### TASK TO COMPLETE
Take the lines below from the one with "新砕氷艦「しらせ」接岸状況" through the one with "BRINCO SMOOTH SPHERE GOLD" and retype them exactly. Include nothing else, and no pictures.

### RECORDS SUPPLIED
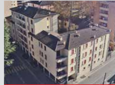
Lugano , via Beltramina 6-8-10
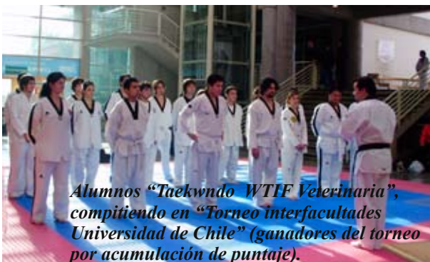
Alumnos "Taekwondo WTIF Veterinaria", compitiendo en "Torneo Interfacultades Universidad de Chile" (ganadores del torneo por acumulación de puntaje).
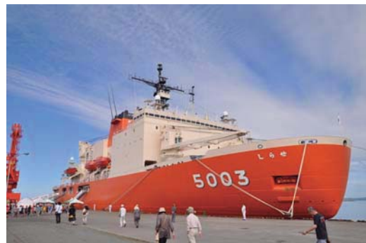
新砕氷艦「しらせ」接岸状況

新砕氷艦「しらせ」が稚内に寄港する本年は、南極探検を日本人で初めて行った年から100年という節目の年でもありましたので、南極探検100周年記念事業と題し、新砕氷艦「しらせ」の一般公開を始め、南極映画祭や南極観測展など南極に関する様々な事業を
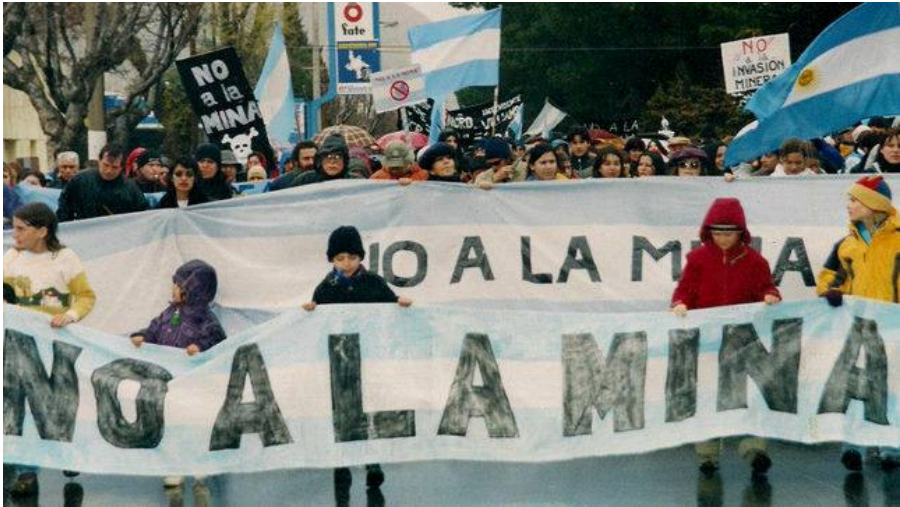
Asamblea de Vecinos Autoconvocados por el NO A LA MINA
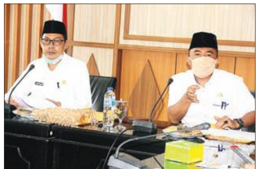
RAPAT FINALISASI: Rapat finalisasi HUT Provinsi Bengkulu ke-52. Penerapan protokol kesehatan ditekan dalam pelaksanaan rangkaian kegiatan HUT Provinsi Bengkulu tahun ini.

"Kalau untuk semua hasil rapid test memang semuanya sudah keluar dan semuanya non reaktif. Namun untuk hasil swab terhadap 36 anggota sekretariat KPU Benteng belum keluar dan akan menunggu beberapa hari kedepan, sebab untuk swab akan dikirim ke Labkesda Provinsi Bengkulu untuk mengetahui hasilnya lebih lanjut," ungkapnya. (jee)
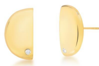
BRINCO SMOOTH SPHERE GOLD
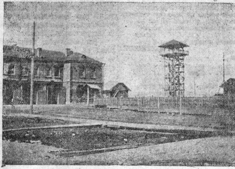
Один из моментов нынешней стройки на ф-не «Сокол».
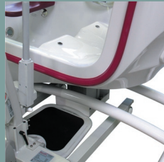
Accès par lève-personne
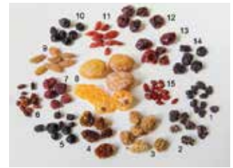
არაბასიური წარმოების ჩირი
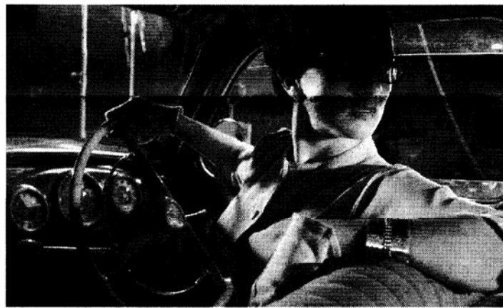
Madre Assassina, un'immagine del video del Teatrino Clandestino

«Questi quattro giorni - spiega Liberovici - propongono una riflessione sulle nuove tecnologie, l'assaggio di un teatro nuovo che utilizza strumenti scientifici e attuali, declinando la rappresentazione agli aspetti della modernità».
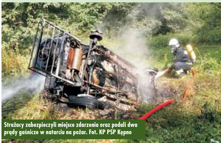
Strażacy zabezpieczyli miejsce zdarzenia oraz podali dwa prądy gaśnicze w natarciu na pożar.

ciwpożarowej stwierdzono pożar samochodu znajdującego się na zewnątrz i nie wymagał pomocy medycznej. Działania strażaków polegały na zabezpieczeniu miejsca zdarzenia oraz podaniu dwóch prądów gaśniczych w natarciu, co doprowadziło do ugaszenia pożaru – relacjonuje oficer prasowy KP PSP Kępno kpt. Paweł Michalski. Oprac. KR
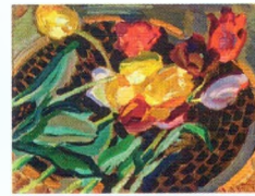
5. Тюльпаны на блюде. Около 1908* Холст, масло. 35 × 45,5 Инв. 74 РЖ Tulips on a Plate. Сі 1908* Oil on canvas. 35 × 45.5 cm Inv. no. 74 РЖ
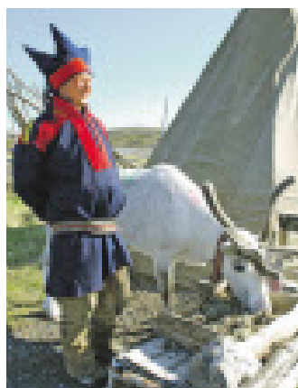
Same mit weißem Ren.

Der Bus hält knirschend vor dem Besucherzentrum,
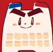
おきみゆーちゃん
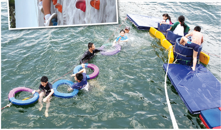
◀ 要完成海上任務，不止需要勇氣，更需要的是朋輩的支持和信任

本年度學校得到乘風航及香港青年協會的邀請，為高小的學生安排了多次歷奇活動，讓學生體驗在課堂以外的特別經歷。大部分學生在活動開始時都顯得無奈及抗拒，甚至有人哭泣及發脾氣，但聽到部分同學挑戰成功分享及導師的鼓勵下，這班驚慌的同學終於願意離開自己的「舒適圈」，克服畏水畏高的恐懼，完成了任務。事後同學們回顧這些經驗，除了覺得難忘之後，亦更認同只要抱持樂觀的心和鼓起勇氣，面對逆境仍然可以積極面對。
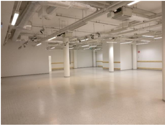
Liiketila 292 m 2
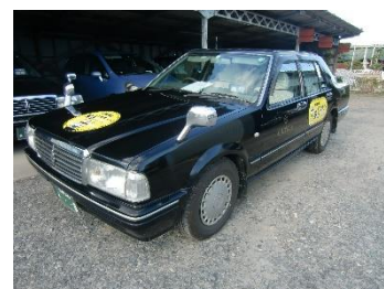
(デマンド型乗合タクシー運行車両)
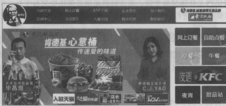
▲ 图1-7 独立网站

独立网站的经营推广比自助式网站更加困难，最好要有一定的运作团队来维护网站的运作。同时由于这类网站不挂靠其他商城，虽然不需要缴纳保证金，但网站推广维护的费用成本会更高，新的独立网站比较难以取得消费者的信任。
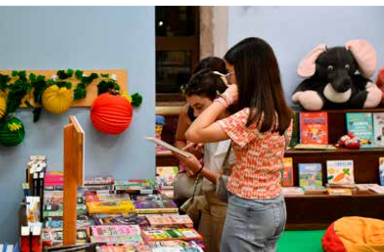
Certame de livros
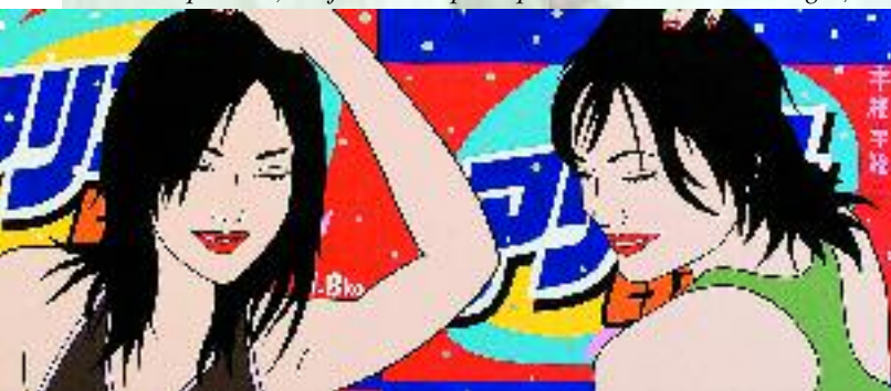
Double Happiness, 2005 par Maria Manuela. Couleur Flash vinyle sur toile de lin.
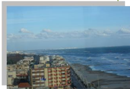
TGV vers Paris (306 Km/h) =>
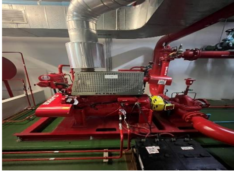
เครื่องปั้มน้ำสำรองดับเพลิง
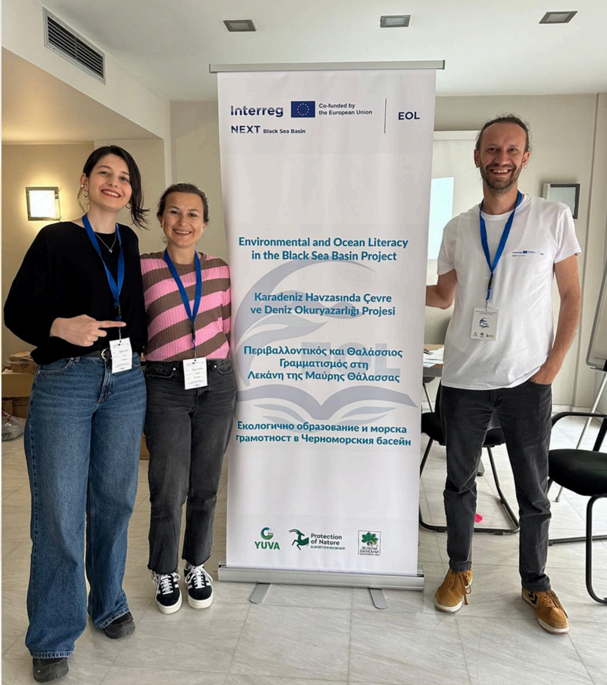
YUVA ekibi Selanik'teki EOL Birinci Eğitimci Eğitimi Buluşması'nda, - YUVA team at the EOL First Trainer of Training Meeting in Thessaloniki.
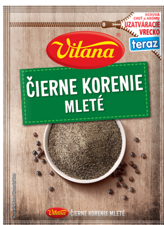
Čierne mleté korenie
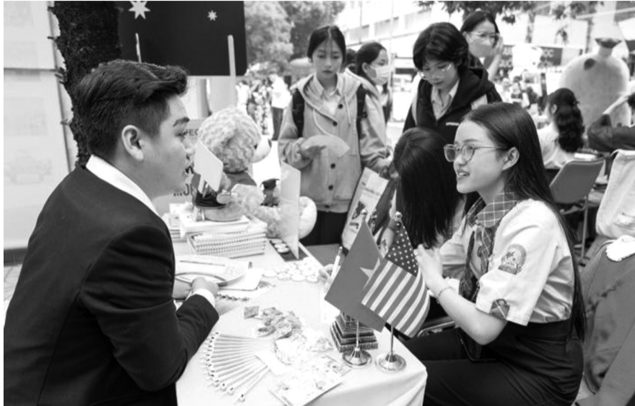
● Thí sinh tại Ngày hội tư vấn tuyển sinh 2025.

Về phía địa phương, đến nay, hầu hết các địa phương đã ban hành Chỉ thị hoặc văn bản chỉ đạo đối với ngành Giáo dục triển khai thực hiện các nhiệm vụ của kỳ thi tốt nghiệp THPT năm 2025 sau khi có Chỉ thị của Thủ tướng Chính phủ và Quy chế thi tốt nghiệp THPT của Bộ GD&ĐT.
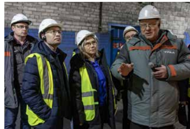
Опыт «Урала» камазовцам пригодится

Стороны договорились сотрудничать, обмениваться опытом. Ответный визит представителей миасского завода на «КАМАЗ» намечен на 2025 год.
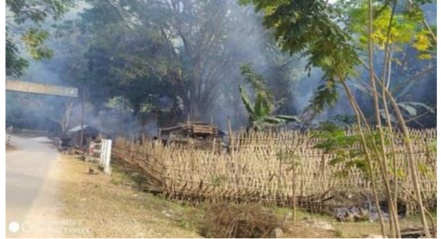
စကစဒရုန်းဖြင့် မီးလောင်ပုံးများနှင့် တိုက်ခိုက်၊ လျှင်ကော်မြို့၊ မော်ချီးရှိ စကစ တပ်စခန်းအား ကရင်နီပူးပေါင်းတပ်ဖွဲ့များမှ မီးရှို့ ဖျက်ဆီး

ဇန်နဝါရီလ ၂၅ ရက်၊ စစ်ကောင်စီတပ်များမှ ဒရုန်းများအသုံးပြုပြီး လျှင်ကော်မြို့အား မီးလောင်ပုံးများဖြင့် ကြံချသည့်အတွက် လျှင်ကော်မြို့ ဈေးပိုင်းရပ်ကွက်ရှိ နှစ်ထပ်ဈေးနှင့် အနီးတဝိုက်ရှိဈေးဆိုင်အား မီးလောင်ပျက်စီးသွားခဲ့သည်။
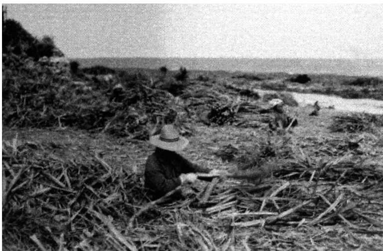
写真93 砂糖黍のはかま取り 於蒲生村 昭11.4 [目録番号：写真類1-14-26]
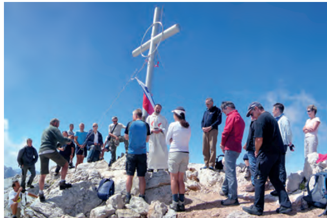
Blagoslov križa na Škrlatici

Skalaši so 2. februarja 1921 ustanovili Turistovski klub Skala kot alternativo Slovenskemu planinskemu društvu (SPD). Zagovarjali so idejo elite, vendar ne v smislu
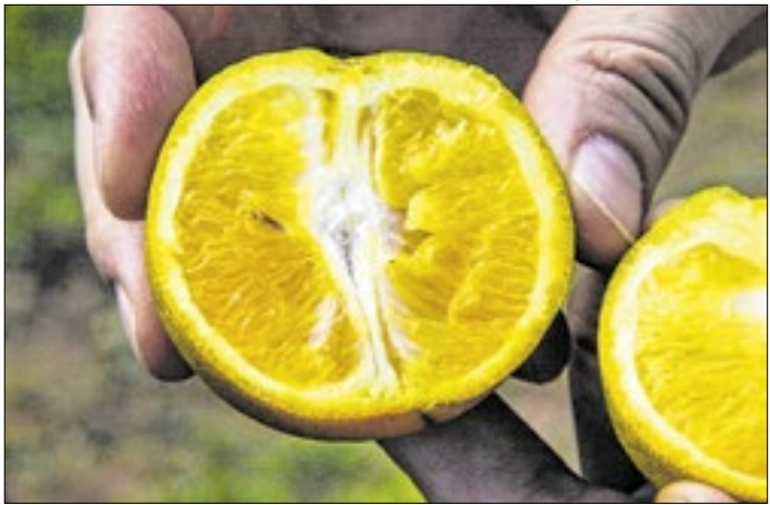
Profissional da Defesa Agropecuária inspeciona fruta
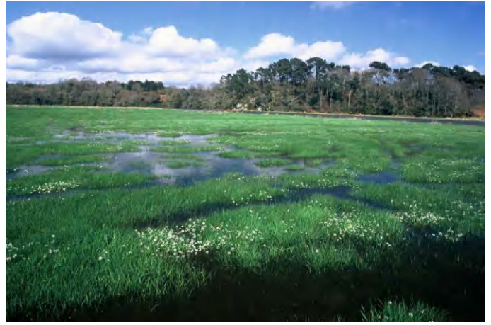
Les prés salés à marée haute
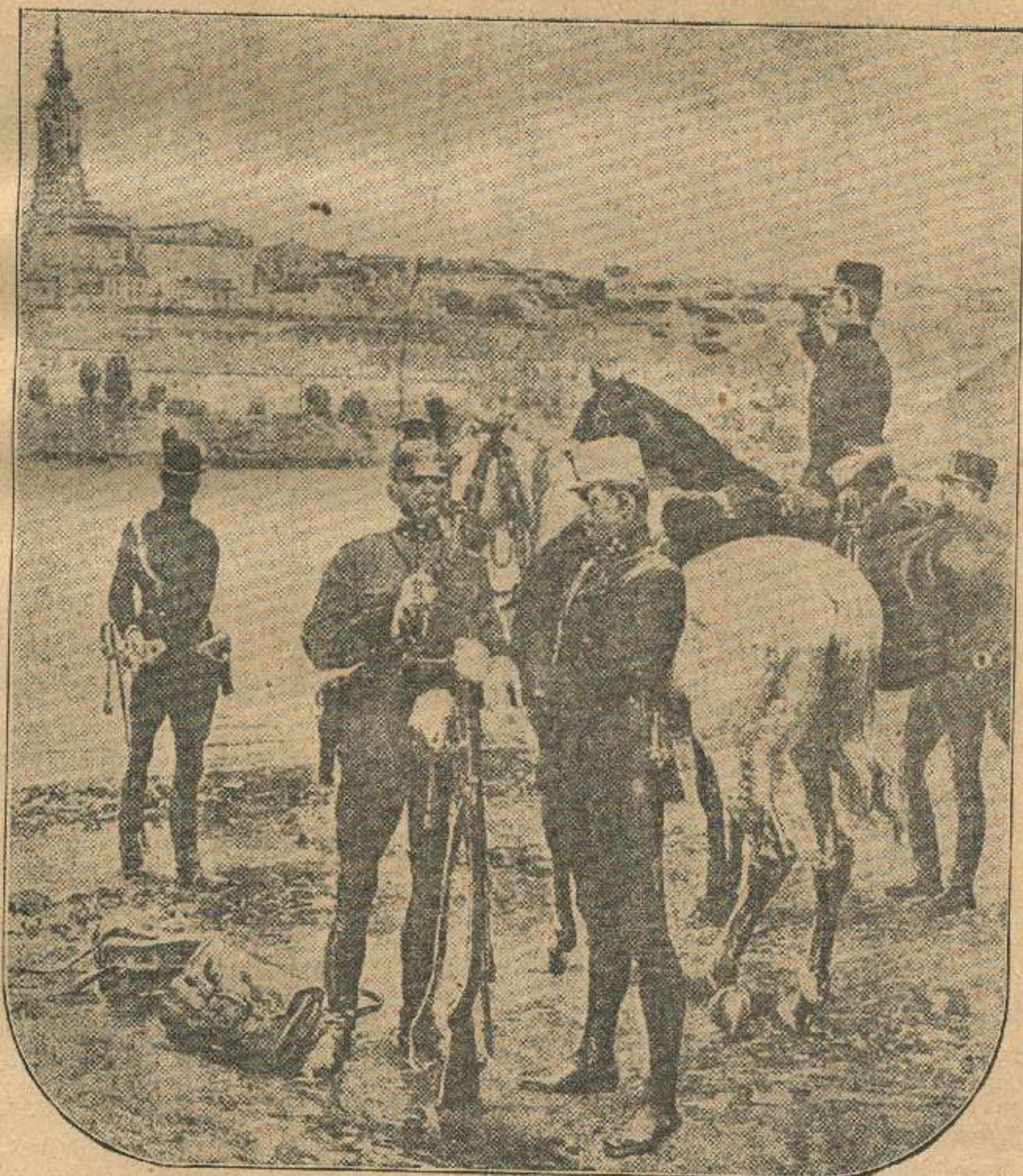
ავსტრიელი აფიცრები გასტქერიან ბელგრადს.

სომხურმა პრესამ შედარებით ნაკლები ყურადღება მიაქცია მეორე სადავო კითხვას, ალექსანდრეტას! უეჭველია, ხმელთა შუა ზღვაში გასვლა მათ მეორე ხარისხოვან საკითხად მოსჩვენებიათ. სომხური პრესა ვერც კი ნიშნავს, რომ, კითხვის ამგვარი დაყენებით პრობლემატიური საკითხი რუსეთის ხმელთა შუა ზღვაში გასასვლელად ასე ადვილად არ გადასწყდება. რა თქმა უნდა, აქ სომეხები ხაზს უსვამენ იმ გარემოებას, თუ რა სასარგებლო იქმნება მათთვის ხმელთა შუა ზღვის დაპყრობა სომხურ

### OUTPUT OF THE TASK
新砕氷艦「しらせ」接岸状況

新砕氷艦「しらせ」が稚内に寄港する本年は、南極探検を日本人で初めて行った年から100年という節目の年でもありましたので、南極探検100周年記念事業と題し、新砕氷艦「しらせ」の一般公開を始め、南極映画祭や南極観測展など南極に関する様々な事業を
Asamblea de Vecinos Autoconvocados por el NO A LA MINA
RAPAT FINALISASI: Rapat finalisasi HUT Provinsi Bengkulu ke-52. Penerapan protokol kesehatan ditekan dalam pelaksanaan rangkaian kegiatan HUT Provinsi Bengkulu tahun ini.

"Kalau untuk semua hasil rapid test memang semuanya sudah keluar dan semuanya non reaktif. Namun untuk hasil swab terhadap 36 anggota sekretariat KPU Benteng belum keluar dan akan menunggu beberapa hari kedepan, sebab untuk swab akan dikirim ke Labkesda Provinsi Bengkulu untuk mengetahui hasilnya lebih lanjut," ungkapnya. (jee)
BRINCO SMOOTH SPHERE GOLD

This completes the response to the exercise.